**THE TASK**: Two lines in the data below mark the range: the one with "Also I notice" and the one with "Đại diện Ban". Return both, along with every line between them, exactly.
[EXERCISE MATERIALS Boundary: Start]
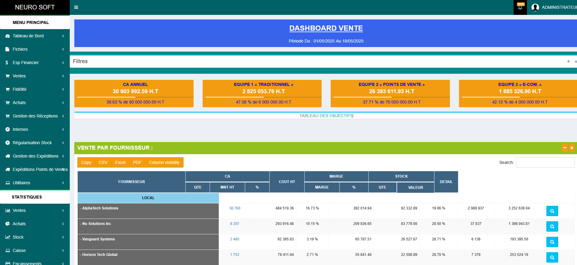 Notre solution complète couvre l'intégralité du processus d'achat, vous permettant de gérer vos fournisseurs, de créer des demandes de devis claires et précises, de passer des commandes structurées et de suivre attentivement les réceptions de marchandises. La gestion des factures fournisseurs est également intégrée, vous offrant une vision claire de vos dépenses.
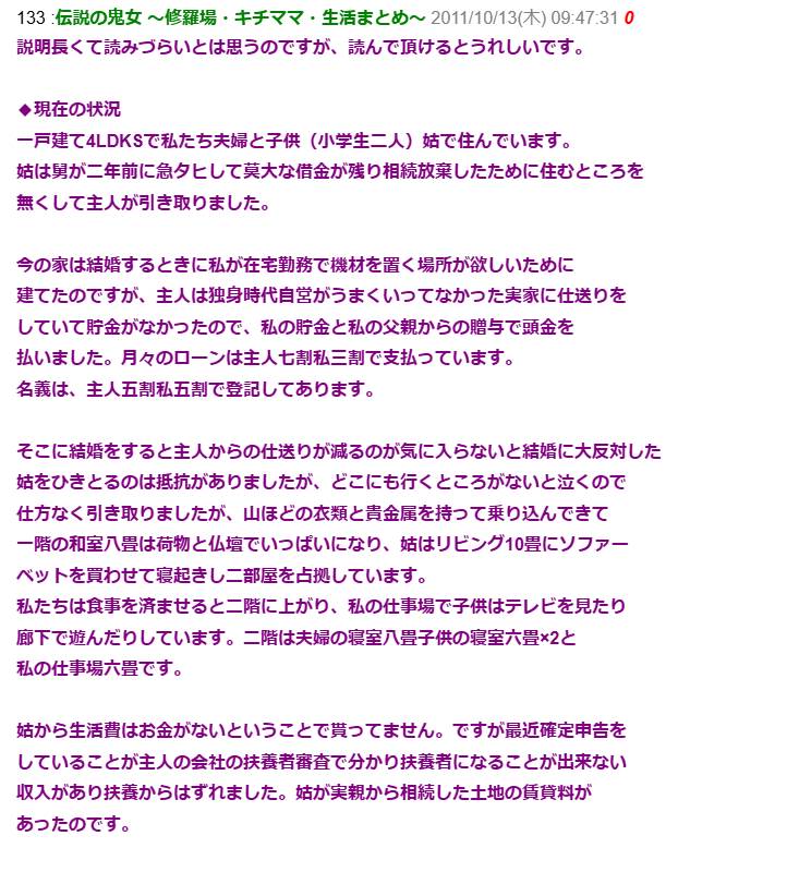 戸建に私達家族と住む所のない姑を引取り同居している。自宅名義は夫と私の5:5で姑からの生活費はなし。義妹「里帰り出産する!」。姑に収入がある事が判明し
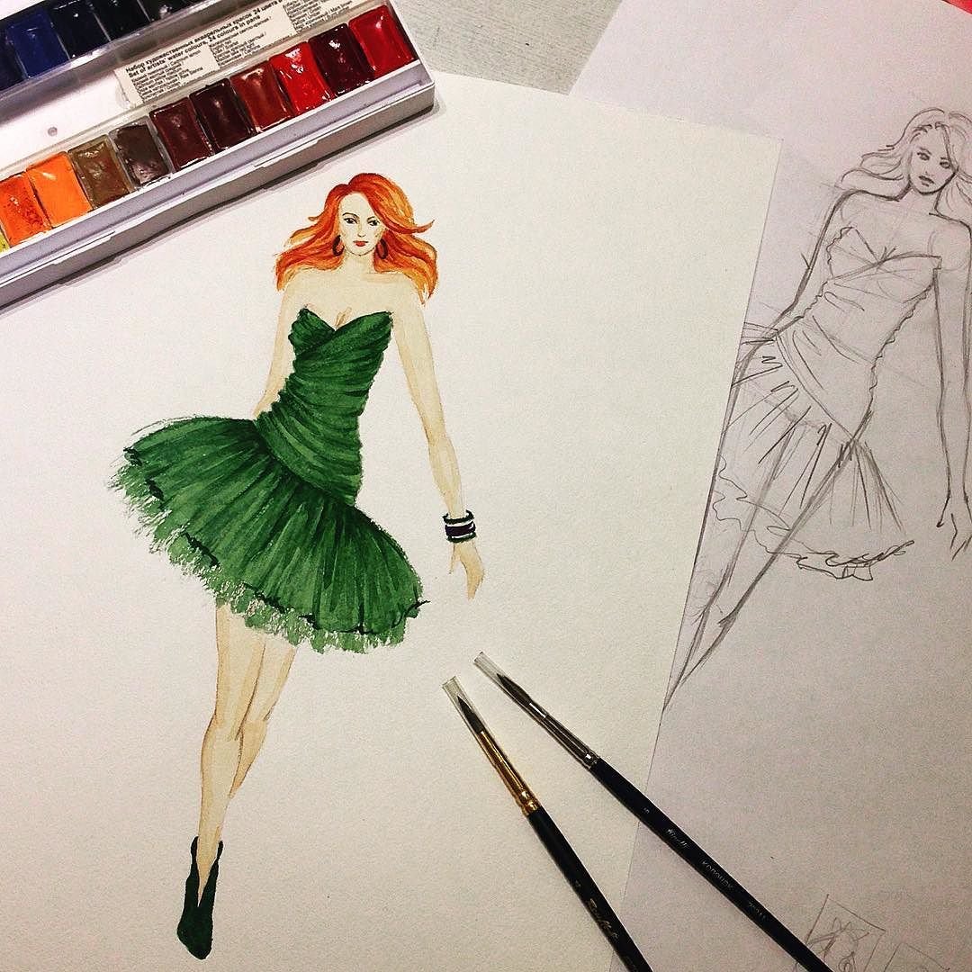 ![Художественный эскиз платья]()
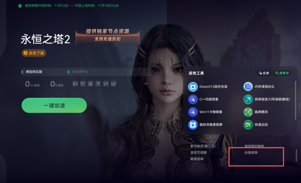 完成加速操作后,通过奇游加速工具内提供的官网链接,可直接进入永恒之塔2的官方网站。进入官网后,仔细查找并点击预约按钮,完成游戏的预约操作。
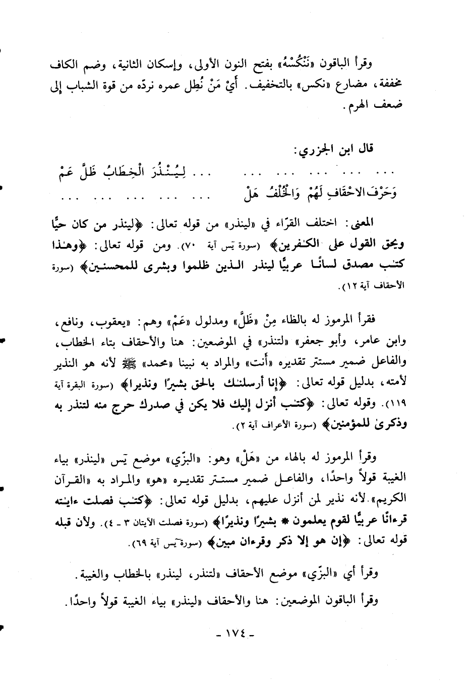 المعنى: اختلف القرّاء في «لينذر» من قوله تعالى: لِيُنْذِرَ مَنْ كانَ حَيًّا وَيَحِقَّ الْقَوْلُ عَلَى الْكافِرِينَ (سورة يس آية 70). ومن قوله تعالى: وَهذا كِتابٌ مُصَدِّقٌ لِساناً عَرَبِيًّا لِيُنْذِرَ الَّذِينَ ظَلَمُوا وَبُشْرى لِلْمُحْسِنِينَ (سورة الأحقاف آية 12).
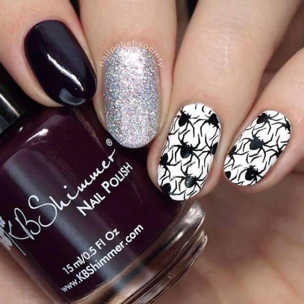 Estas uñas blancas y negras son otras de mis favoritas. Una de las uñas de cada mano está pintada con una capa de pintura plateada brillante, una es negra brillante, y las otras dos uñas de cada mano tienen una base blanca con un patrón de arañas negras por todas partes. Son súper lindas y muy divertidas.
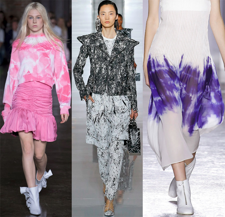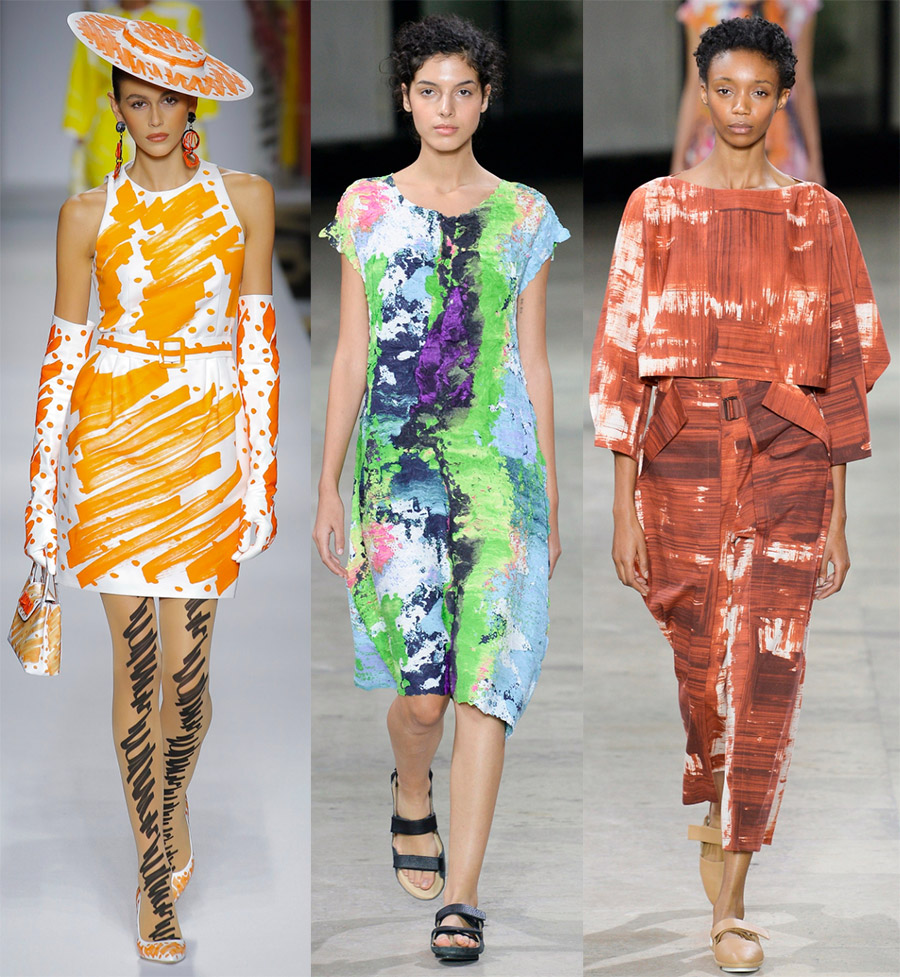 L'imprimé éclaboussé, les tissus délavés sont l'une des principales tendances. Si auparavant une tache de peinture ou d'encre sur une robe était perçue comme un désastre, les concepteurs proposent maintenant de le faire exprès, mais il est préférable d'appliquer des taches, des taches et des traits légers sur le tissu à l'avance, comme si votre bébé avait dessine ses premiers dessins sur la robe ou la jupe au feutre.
[EXERCISE MATERIALS Boundary: End]
[EXERCISE MATERIALS Boundary: Start]
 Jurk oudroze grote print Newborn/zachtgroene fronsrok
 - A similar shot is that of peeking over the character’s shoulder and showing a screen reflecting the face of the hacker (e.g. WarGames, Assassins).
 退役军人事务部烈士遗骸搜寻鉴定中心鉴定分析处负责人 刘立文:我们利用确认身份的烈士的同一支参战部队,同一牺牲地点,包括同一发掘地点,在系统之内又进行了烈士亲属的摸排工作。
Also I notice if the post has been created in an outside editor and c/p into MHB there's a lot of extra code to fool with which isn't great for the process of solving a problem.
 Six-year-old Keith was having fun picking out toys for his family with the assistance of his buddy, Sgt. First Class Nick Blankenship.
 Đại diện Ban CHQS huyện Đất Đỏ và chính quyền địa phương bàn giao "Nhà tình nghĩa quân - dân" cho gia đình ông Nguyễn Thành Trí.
[EXERCISE MATERIALS Boundary: End]
[EXERCISE MATERIALS Boundary: Start]
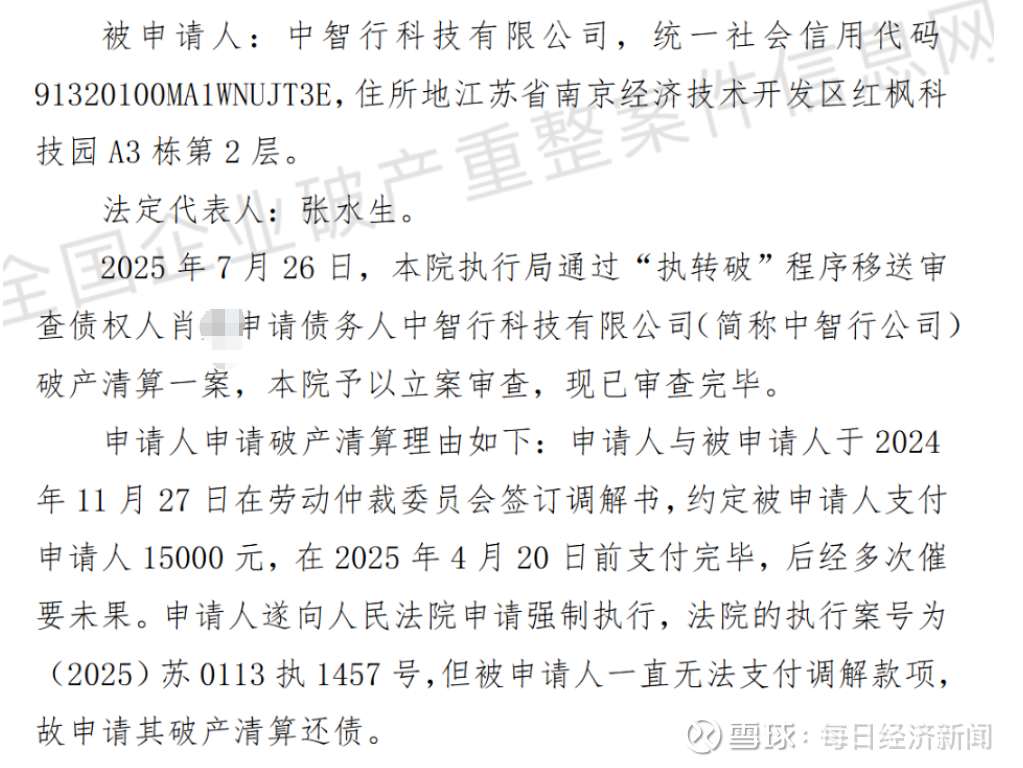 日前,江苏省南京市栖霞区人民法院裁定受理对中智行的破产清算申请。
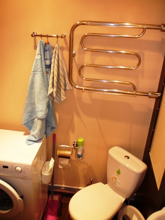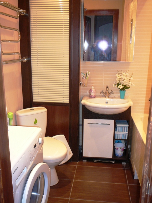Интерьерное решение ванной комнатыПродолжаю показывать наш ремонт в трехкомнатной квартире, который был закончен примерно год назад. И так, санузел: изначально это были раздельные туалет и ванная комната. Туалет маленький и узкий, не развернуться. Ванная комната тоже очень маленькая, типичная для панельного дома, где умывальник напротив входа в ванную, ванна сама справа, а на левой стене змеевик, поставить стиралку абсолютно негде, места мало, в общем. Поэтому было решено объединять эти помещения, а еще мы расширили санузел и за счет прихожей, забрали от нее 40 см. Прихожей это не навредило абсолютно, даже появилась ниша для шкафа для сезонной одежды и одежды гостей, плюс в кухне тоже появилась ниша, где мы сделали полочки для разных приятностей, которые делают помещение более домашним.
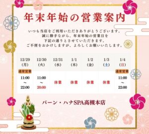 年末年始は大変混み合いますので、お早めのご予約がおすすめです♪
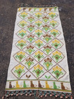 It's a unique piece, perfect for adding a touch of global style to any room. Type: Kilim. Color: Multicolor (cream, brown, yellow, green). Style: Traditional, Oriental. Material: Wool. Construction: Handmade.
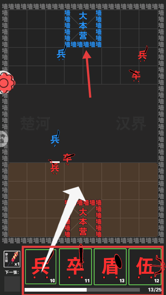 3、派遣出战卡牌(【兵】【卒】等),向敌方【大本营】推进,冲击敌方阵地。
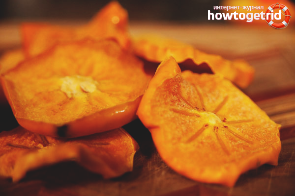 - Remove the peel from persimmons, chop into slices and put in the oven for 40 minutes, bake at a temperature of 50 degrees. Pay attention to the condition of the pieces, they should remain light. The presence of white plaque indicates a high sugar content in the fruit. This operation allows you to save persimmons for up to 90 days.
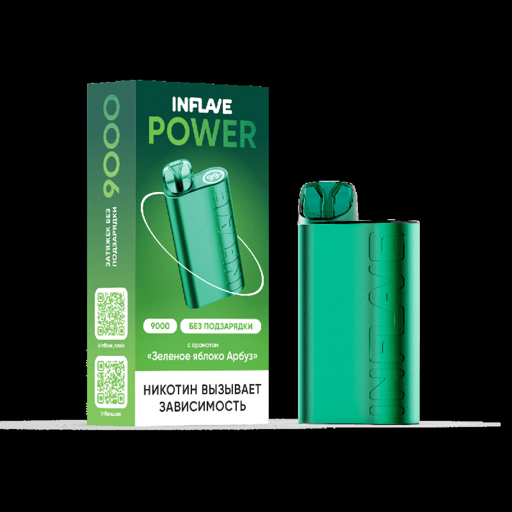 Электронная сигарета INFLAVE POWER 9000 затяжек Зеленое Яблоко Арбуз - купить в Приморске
[EXERCISE MATERIALS Boundary: End]
**RESPONSE BELOW**:
Also I notice if the post has been created in an outside editor and c/p into MHB there's a lot of extra code to fool with which isn't great for the process of solving a problem.
 Six-year-old Keith was having fun picking out toys for his family with the assistance of his buddy, Sgt. First Class Nick Blankenship.
 Đại diện Ban CHQS huyện Đất Đỏ và chính quyền địa phương bàn giao "Nhà tình nghĩa quân - dân" cho gia đình ông Nguyễn Thành Trí.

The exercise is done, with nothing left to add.